+++ Data under study

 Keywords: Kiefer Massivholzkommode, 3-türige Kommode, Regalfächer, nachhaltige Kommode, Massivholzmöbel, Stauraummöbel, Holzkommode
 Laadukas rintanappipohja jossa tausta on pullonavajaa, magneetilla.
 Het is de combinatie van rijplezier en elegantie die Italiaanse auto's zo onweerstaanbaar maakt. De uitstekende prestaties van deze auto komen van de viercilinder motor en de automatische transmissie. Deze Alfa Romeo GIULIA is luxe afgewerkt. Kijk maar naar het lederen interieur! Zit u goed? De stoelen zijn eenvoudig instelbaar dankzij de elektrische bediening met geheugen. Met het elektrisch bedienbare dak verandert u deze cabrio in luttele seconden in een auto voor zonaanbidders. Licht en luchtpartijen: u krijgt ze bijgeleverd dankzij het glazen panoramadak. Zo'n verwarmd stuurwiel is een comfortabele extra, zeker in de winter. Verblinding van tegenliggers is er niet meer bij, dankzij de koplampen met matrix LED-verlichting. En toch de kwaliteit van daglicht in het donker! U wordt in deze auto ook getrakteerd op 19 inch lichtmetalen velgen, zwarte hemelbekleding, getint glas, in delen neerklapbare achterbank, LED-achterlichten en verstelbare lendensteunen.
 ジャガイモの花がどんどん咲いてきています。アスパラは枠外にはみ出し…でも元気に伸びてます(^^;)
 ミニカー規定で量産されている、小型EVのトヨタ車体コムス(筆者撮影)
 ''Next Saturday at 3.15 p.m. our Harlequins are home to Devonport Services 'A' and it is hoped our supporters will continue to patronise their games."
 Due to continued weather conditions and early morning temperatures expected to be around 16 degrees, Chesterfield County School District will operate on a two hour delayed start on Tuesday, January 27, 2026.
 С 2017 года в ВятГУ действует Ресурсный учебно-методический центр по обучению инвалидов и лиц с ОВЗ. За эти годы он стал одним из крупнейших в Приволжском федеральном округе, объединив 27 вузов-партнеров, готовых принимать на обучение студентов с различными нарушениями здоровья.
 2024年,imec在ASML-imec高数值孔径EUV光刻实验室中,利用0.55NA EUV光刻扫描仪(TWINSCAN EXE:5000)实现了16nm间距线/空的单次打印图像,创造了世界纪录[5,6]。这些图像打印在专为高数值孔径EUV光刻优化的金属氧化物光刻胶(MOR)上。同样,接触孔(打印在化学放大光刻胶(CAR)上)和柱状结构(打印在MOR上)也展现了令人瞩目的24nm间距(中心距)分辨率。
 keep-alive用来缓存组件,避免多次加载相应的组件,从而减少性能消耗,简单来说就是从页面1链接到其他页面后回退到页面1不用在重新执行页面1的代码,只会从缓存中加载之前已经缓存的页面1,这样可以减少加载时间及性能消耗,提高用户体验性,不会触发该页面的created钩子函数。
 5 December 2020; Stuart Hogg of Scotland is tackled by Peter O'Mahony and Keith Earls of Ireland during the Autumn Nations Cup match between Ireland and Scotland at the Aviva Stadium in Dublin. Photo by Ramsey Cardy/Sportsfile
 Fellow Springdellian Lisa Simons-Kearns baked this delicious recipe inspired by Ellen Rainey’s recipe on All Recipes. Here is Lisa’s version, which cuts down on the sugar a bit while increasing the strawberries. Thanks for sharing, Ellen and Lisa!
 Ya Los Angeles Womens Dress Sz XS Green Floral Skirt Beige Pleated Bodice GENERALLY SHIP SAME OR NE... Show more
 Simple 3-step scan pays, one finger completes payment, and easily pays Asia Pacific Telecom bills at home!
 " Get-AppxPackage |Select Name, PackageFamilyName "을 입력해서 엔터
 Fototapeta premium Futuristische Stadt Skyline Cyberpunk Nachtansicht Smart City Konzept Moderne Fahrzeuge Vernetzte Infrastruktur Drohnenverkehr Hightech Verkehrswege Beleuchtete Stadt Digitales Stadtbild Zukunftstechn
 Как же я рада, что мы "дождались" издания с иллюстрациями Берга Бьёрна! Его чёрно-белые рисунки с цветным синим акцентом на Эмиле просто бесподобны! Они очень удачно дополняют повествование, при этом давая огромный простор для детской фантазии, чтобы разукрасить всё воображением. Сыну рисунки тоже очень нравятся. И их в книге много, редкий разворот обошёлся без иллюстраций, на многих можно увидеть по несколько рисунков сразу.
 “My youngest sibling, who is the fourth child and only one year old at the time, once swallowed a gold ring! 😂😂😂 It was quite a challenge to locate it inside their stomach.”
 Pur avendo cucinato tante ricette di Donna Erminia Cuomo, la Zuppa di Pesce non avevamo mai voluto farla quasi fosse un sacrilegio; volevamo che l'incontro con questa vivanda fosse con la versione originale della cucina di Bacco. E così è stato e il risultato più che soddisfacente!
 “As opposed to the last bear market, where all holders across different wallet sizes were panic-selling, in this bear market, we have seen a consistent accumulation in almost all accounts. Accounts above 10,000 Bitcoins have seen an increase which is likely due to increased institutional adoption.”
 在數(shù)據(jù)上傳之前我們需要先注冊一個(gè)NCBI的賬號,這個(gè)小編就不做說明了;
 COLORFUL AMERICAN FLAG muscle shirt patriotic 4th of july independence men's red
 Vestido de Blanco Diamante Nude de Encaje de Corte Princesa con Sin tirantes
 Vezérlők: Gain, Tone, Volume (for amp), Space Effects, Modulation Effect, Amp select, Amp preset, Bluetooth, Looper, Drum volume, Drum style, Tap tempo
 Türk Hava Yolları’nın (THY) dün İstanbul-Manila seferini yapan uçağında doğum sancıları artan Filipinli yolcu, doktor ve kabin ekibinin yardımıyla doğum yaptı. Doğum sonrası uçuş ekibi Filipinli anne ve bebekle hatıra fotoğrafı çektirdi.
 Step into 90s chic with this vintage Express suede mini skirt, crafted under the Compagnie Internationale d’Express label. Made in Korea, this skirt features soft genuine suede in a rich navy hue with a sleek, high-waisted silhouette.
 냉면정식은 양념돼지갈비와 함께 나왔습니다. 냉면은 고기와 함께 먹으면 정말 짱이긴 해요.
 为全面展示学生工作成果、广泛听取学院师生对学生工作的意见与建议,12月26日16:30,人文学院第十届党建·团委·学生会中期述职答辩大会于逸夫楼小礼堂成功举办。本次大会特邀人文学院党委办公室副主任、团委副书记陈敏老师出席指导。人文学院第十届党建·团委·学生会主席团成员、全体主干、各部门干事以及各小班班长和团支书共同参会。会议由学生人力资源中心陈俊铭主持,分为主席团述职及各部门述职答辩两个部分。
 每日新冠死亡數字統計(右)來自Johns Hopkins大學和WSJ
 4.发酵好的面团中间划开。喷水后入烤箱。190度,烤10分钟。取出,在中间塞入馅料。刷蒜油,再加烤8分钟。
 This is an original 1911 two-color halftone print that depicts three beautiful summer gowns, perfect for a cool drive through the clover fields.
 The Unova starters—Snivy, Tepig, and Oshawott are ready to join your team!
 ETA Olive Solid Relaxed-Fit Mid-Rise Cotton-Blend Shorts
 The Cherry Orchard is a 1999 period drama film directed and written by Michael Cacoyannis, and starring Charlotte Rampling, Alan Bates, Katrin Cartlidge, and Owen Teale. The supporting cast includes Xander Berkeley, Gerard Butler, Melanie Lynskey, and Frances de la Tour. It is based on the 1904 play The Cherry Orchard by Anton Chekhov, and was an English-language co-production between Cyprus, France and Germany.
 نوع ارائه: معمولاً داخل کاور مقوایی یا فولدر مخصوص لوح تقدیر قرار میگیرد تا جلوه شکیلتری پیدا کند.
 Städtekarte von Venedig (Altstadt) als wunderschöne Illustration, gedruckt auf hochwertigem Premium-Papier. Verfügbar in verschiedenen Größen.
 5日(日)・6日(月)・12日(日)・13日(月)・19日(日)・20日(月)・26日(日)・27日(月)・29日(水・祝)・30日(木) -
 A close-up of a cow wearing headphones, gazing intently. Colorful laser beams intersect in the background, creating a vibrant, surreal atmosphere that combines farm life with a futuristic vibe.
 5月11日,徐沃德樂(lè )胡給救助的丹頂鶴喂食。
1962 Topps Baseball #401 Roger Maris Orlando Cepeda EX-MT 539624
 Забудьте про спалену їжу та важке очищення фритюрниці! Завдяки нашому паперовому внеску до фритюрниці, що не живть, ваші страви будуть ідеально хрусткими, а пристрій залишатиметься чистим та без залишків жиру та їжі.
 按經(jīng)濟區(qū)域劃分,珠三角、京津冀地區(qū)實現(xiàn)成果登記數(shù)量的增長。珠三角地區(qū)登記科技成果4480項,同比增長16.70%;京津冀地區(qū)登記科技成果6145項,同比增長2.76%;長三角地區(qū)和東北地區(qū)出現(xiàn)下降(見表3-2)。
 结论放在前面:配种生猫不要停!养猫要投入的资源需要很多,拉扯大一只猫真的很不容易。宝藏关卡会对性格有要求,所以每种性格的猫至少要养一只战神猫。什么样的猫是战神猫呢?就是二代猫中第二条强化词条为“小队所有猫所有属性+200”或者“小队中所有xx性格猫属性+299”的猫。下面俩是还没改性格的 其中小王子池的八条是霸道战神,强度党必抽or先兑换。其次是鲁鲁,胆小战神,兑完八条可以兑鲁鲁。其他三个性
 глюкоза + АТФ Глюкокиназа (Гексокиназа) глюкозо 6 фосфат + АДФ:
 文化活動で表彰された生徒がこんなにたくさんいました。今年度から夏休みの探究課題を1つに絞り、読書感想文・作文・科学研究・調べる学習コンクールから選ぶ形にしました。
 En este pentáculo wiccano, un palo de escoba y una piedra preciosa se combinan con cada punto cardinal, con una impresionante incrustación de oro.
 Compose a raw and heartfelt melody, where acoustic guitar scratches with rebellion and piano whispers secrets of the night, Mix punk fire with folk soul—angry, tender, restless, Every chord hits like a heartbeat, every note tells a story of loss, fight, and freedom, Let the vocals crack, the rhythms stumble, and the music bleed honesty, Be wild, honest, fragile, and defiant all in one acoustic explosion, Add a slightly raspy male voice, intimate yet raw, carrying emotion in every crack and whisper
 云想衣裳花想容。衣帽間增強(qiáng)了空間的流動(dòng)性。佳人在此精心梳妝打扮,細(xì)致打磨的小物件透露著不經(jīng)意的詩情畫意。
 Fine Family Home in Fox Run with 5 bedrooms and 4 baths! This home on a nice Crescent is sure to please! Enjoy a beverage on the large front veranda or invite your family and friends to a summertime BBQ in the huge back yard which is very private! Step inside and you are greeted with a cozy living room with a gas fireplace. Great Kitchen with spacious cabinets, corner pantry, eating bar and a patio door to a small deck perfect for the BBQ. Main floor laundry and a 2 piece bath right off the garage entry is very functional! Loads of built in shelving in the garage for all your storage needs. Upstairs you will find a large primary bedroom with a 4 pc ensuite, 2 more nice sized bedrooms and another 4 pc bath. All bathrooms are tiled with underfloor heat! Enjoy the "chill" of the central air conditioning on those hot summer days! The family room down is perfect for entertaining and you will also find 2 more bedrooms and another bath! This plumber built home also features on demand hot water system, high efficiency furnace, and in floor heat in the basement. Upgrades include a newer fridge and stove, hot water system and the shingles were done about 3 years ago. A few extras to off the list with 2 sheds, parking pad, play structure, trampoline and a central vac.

++++++

→ What the task requires
All lines in the data above from the one with "냉면정식은 양념돼지갈비와 함께" through the one with "每日新冠死亡數字統計(右)來自Johns Hopkins大學和WSJ" must be repeated exactly, and no others.

→ Answer to this exercise
 냉면정식은 양념돼지갈비와 함께 나왔습니다. 냉면은 고기와 함께 먹으면 정말 짱이긴 해요.
 为全面展示学生工作成果、广泛听取学院师生对学生工作的意见与建议,12月26日16:30,人文学院第十届党建·团委·学生会中期述职答辩大会于逸夫楼小礼堂成功举办。本次大会特邀人文学院党委办公室副主任、团委副书记陈敏老师出席指导。人文学院第十届党建·团委·学生会主席团成员、全体主干、各部门干事以及各小班班长和团支书共同参会。会议由学生人力资源中心陈俊铭主持,分为主席团述职及各部门述职答辩两个部分。
 每日新冠死亡數字統計(右)來自Johns Hopkins大學和WSJ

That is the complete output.